The Blue Mosque in Istanbul, also known by its official name, the Sultan Ahmed Mosque (), is an Ottoman-era historical imperial mosque located in Istanbul, Turkey. A functioning mosque, it also attracts large numbers of tourist visitors. It was constructed between 1609 and 1616 during the rule of Ahmed I. Its Külliye contains Ahmed's tomb, a madrasah and a hospice. Hand-painted blue tiles adorn the mosque’s interior walls, and at night the mosque is bathed in blue as lights frame the mosque’s five main domes, six minarets and eight secondary domes. It sits next to the Hagia Sophia, the principal mosque of Istanbul until the Blue Mosque's construction and another popular tourist site. The Blue Mosque was included in the UNESCO World Heritage Site list in 1985 under the name of "Historic Areas of Istanbul".

History 
After the Peace of Zsitvatorok and the crushing loss in the 1603–18 war with Persia, Sultan Ahmed I decided to build a large mosque in Istanbul to reassert Ottoman power. It would be the first imperial mosque for more than forty years. While his predecessors had paid for their mosques with the spoils of war, Ahmed I procured funds from the Treasury, because he had not gained remarkable victories. The construction was started in 1609 and completed in 1616.

Having been paid from the public treasury rather than from the sultan's war booty, as was done normally, it caused the anger of the ulama, the Muslim jurists. The mosque was built on the site of the palace of the Byzantine emperors, in front of the basilica Hagia Sophia (at that time, the primary imperial mosque in Istanbul) and the hippodrome, a site of significant symbolic meaning as it dominated the city skyline from the south. Big parts of the south shore of the mosque rest on the foundations, the vaults of the old Grand Palace.

Architecture 

The Blue Mosque has five main domes, six minarets, and eight secondary domes. The design is the culmination of two centuries of Ottoman mosque development. It incorporates many Byzantine elements of the neighboring Hagia Sophia with traditional Islamic architecture and is considered to be the last great mosque of the classical period. The architect, Sedefkâr Mehmed Ağa, synthesized the ideas of his master Sinan, aiming for overwhelming size, majesty and splendor. The upper area is decorated with approximately 20,000 hand-painted glazed ceramic in 60 different tulip patterns. The lower stories are illuminated by 200 stained glass windows. The mosque is preceded by a forecourt with a large fountain and special area for ablution. An iron chain hangs in the court entrance on the western side. Only the Sultan was allowed to ride into the mosque horseback, and he would need to lower his head to not hit the chain, a symbolic gesture ensuring the humility of the ruler before Allah.

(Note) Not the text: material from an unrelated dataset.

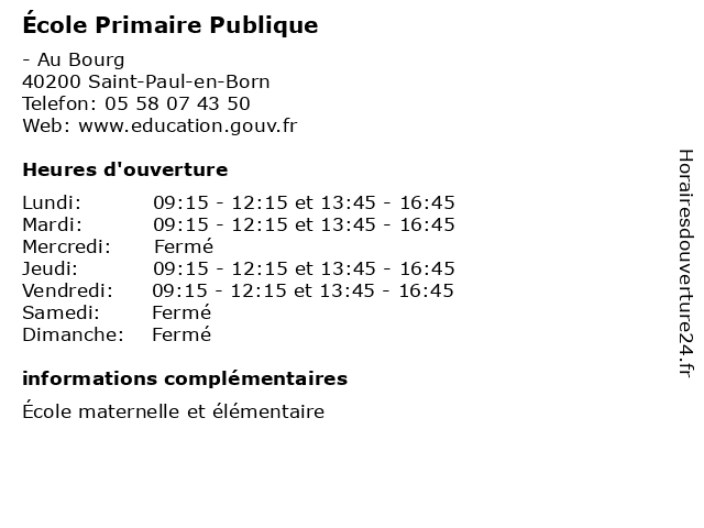 1 École Primaire Publique (Distance: 3,04 km) 48 Place du Général de Gaulle, 40200 Pontenx-les-Forges cours, education, primaire, publique, services, École, école 2 École Primaire Publique (Distance: 6,05 km) 104 Avenue du Born, 40200 Sainte-Eulalie-en-Born cours, education, primaire, publique, services, École, école 3 École Primaire Publique (Distance: 11,25 km) - Au Bourg, 40160 Gastes cours, education, primaire, publique, services, École, école 4 École Primaire Publique (Distance: 11,62 km) - Chemin départemental 44, 40210 Escource cours, education, primaire, publique, services, École, école 5 École Primaire Publique (Distance: 12,49 km) - Le Bourg, 40170 Bias cours, education, primaire, publique, services, École, école 6 École Primaire Publique (Distance: 16,46 km) - Le Bourg, 40170 Mézos cours, education, primaire, publique, services, École, école |

By way of his works he left a decided mark on Istanbul. The square on which the Blue Mosque is situated became known as Sultanahmet. This mosque can be considered the culmination of his career. Mehmed Agha, who was the last student of Mimar Sinan, had completed his mission by adding his brighter, colorful architectural style to that of his master teacher.

Interior 

At its lower levels and at every pier, the interior of the mosque is lined with more than 20,000 handmade İznik style ceramic tiles, made at İznik (the ancient Nicaea) in more than fifty different tulip designs. The tiles at lower levels are traditional in design, while at gallery level their design becomes flamboyant with representations of flowers, fruit and cypresses. The tiles were made under the supervision of the İznik master. The price to be paid for each tile was fixed by the sultan's decree, while tile prices in general increased over time. As a result, the quality of the tiles used in the building decreased gradually.

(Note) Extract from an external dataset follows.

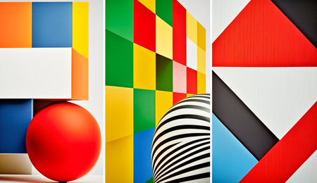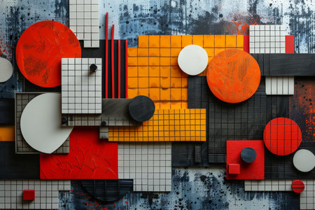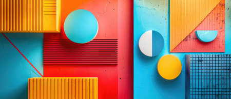 This vibrant image features a striking arrangement of geometric shapes in various colors on a bold split background, perfect for artistic themes and modern design projects.

The upper levels of the interior are dominated by blue paint. More than 200 stained glass windows with intricate designs admit natural light, today assisted by chandeliers. On the chandeliers, ostrich eggs are found that were meant to avoid cobwebs inside the mosque by repelling spiders. The decorations include verses from the Qur'an, many of them made by Seyyid Kasim Gubari, regarded as the greatest calligrapher of his time. The floors are covered with carpets, which are donated by the faithful and are regularly replaced as they wear out. The many spacious windows confer a spacious impression. The casements at floor level are decorated with opus sectile. Each exedra has five windows, some of which are blind. Each semi-dome has 14 windows and the central dome 28 (four of which are blind). The coloured glass for the windows was a gift of the Signoria of Venice to the sultan.

The most important element in the interior of the mosque is the mihrab, which is made of finely carved and sculptured marble, with a stalactite niche and a double inscriptive panel above it. It is surrounded by many windows. The adjacent walls are sheathed in ceramic tiles. To the right of the mihrab is the richly decorated minber, or pulpit, where the imam stands when he is delivering his sermon at the time of noon prayer on Fridays or on holy days. The mosque has been designed so that even when it is at its most crowded, everyone in the mosque can see and hear the imam.

The royal kiosk is situated at the south-east corner. It comprises a platform, a loggia and two small retiring rooms. It gives access to the royal loge in the south-east upper gallery of the mosque. These retiring rooms became the headquarters of the Grand Vizier during the suppression of the rebellious Janissary Corps in 1826. The royal loge (hünkâr mahfil) is supported by ten marble columns. It has its own mihrab, which used to be decorated with a jade rose and gilt and with one hundred Qurans on an inlaid and gilded lecterns.

The many lamps inside the mosque were once covered with gold and gems. Among the glass bowls one could find ostrich eggs and crystal balls. All these decorations have been removed or pillaged for museums.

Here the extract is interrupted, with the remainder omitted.